Dueñas noted that the Global Teaching InSights videos and findings are “not designed to be an assessment for promotion, but it’s really for professional growth and reflection on practice.” She added that it is important for universities to be part of this discussion and to use the findings from the study to analyze and improve their own teacher training programs. 

The Q&A segment was marked by enthusiastic attendee engagement with a steady flow of questions and observations about the Global Teaching InSights data and their potential. 

After audience questions and closing thoughts from the international panel, Levine concluded the forum by thanking the participants and emphasizing AERA’s commitment to working across domains on these critical issues. 

“Our excellent panelists captured an extraordinary slice of what is in store for future use of important and innovative data like this,” Levine said. “This forum was directed by design to the policy and the teaching practice communities; in early 2021 AERA will hold a follow-up event on the Global Teaching InSights Video Study that further connects it to the research community.”

The Global Teaching InSights Video Study is unique in the amount and types of data it collects on teaching and the methods it uses to analyze them. About 700 teachers and 17,500 students from eight countries and economies participated.

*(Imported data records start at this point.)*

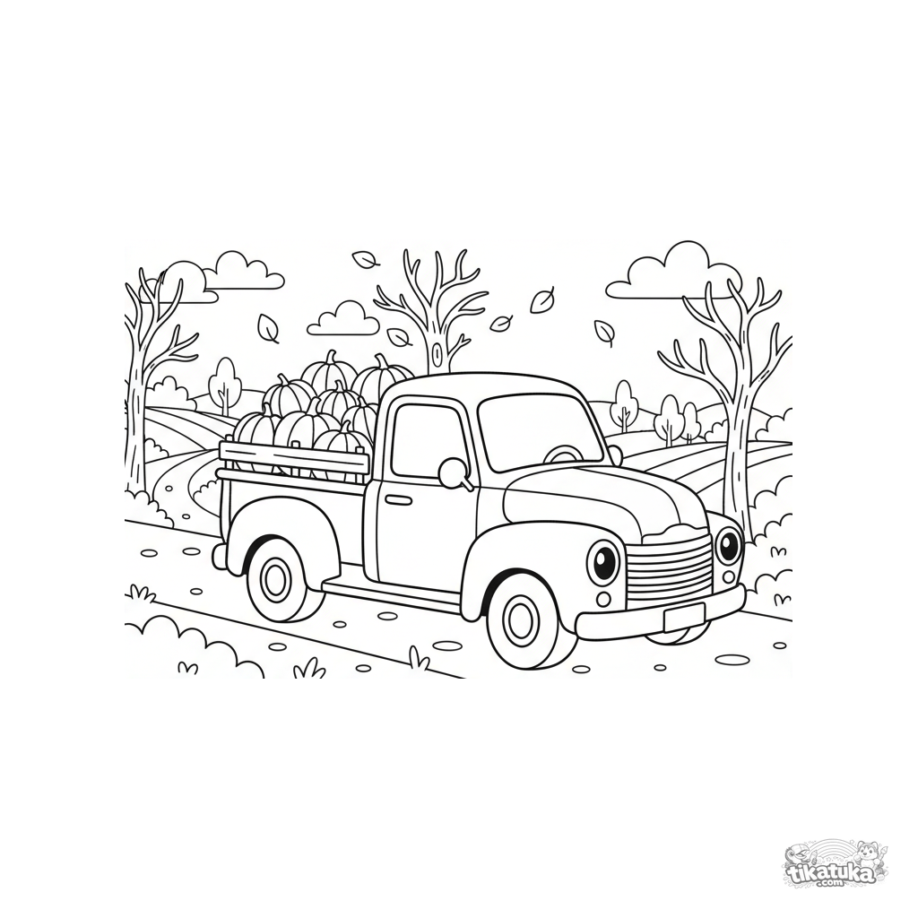 Ausmalbild für Jungen 4-6: Ein alter Pickup transportiert Kürbisse auf einer Herbststraße. Eine lebendige, aber nicht überladen detaillierte Szene.
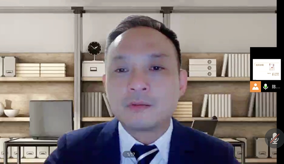 3月30日晚,厦门大学陈少东教授做客tyc41183太阳成集团“傅山讲堂”,以线上直播的形式,为公司师生作了题为《望耳诊病》的学术讲座。讲座由tyc41183太阳成集团经理何丽清主持,公司两百余名员工线上聆听了讲座。
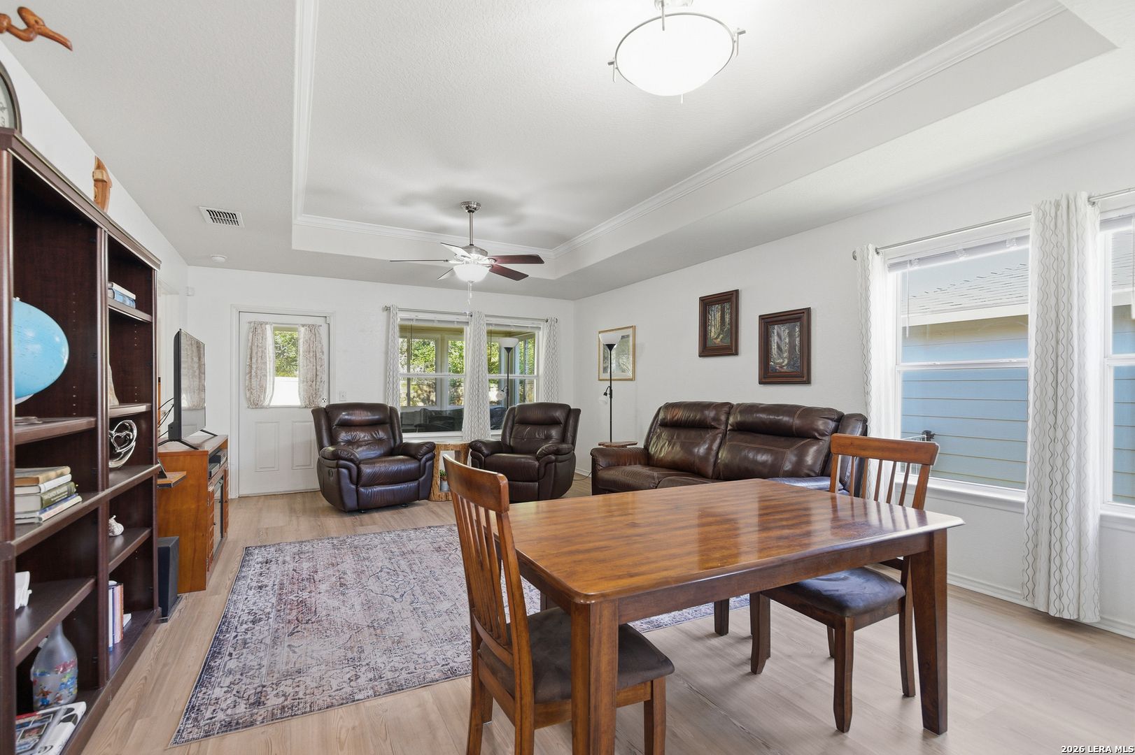 Welcome to Hill Country Retreat, a vibrant 55+ Del Webb community! This thoughtfully designed home features 2BR/2BTH and an additional flex-space currently used as a home office. The open layout is perfect for both relaxing and entertaining, with a spacious living area, a modern kitchen with breakfast nook, gas cooking, granite countertops, and new SS dishwasher. Peaceful primary suite with a walk-in closet and en-suite bath, no carpet throughout! Enjoy your morning coffee in the screened sunroom, or watched the evening sunset on the flagstone patio on greenbelt lot. Roof under 3 years old. Resort-style amenities include a clubhouse, fitness center, indoor and outdoor pools, pickleball and tennis courts, walking trails, and a full calendar of social activities and events. This community offers the perfect balance of comfort, connection, and convenience. Located near shopping, dining, healthcare, and major highways, this home offers everything you need to live your best life!
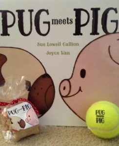 One lucky winner will receive a copy of Pug Meets Pig plus some treats for your favorite pooch (or pig!)–a goodie bag of dog biscuits and a tennis ball! (U.S. addresses; one entry per person.)
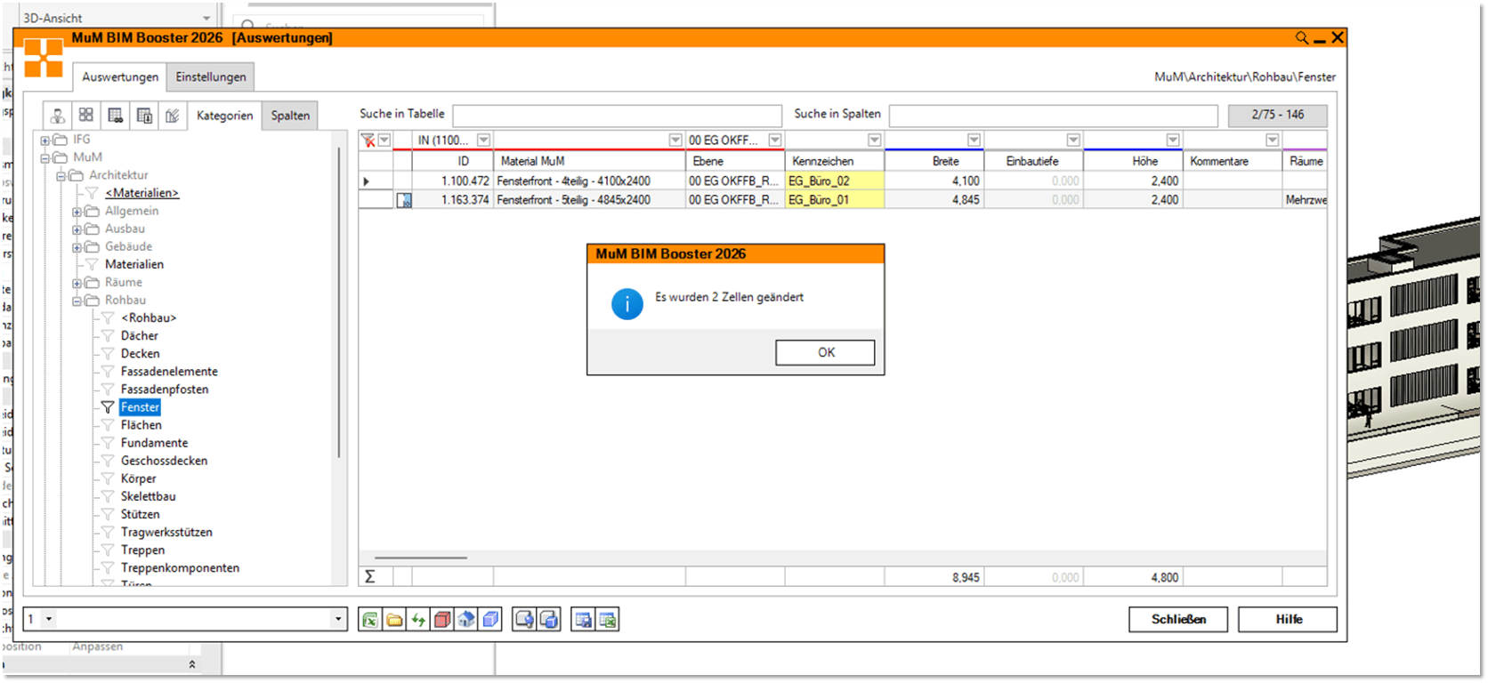 Für die Projektarbeit verfolgen wir in der Planung den Ansatz, auch die Projektinformationen am 3D-Modell abzubilden. Hier ermöglichen wir diese Tätigkeit mit dem BIM Booster der Mensch und Maschine. Neben einem Export haben wir im BIM Booster auch den Weg eines Imports abgebildet. Daher ist unsere Exportierte und ggf. in Teilen optimierte Excel-Liste die Grundlage für den Import. Der Import selbst wird über 3-Klicks erledigt, von einem zeitlichen Aufwand kann man also nicht sprechen.

The study draws upon observation of lesson videos and instructional materials, analysis of teacher and student questionnaires, and measurement of students’ cognitive and noncognitive outcomes.

By directly observing teaching in the classroom, the study provides a detailed account of classroom management, social-emotional support, and instructional practices, as well as students’ opportunities to learn the content specified in the curricula in the classrooms of the examined countries and economies. 

The forum was cosponsored by the recently launched AERA-ICPSR-NSF PEERS Data Hub. The event webcast and presentation slides will be available on the AERA website in early December.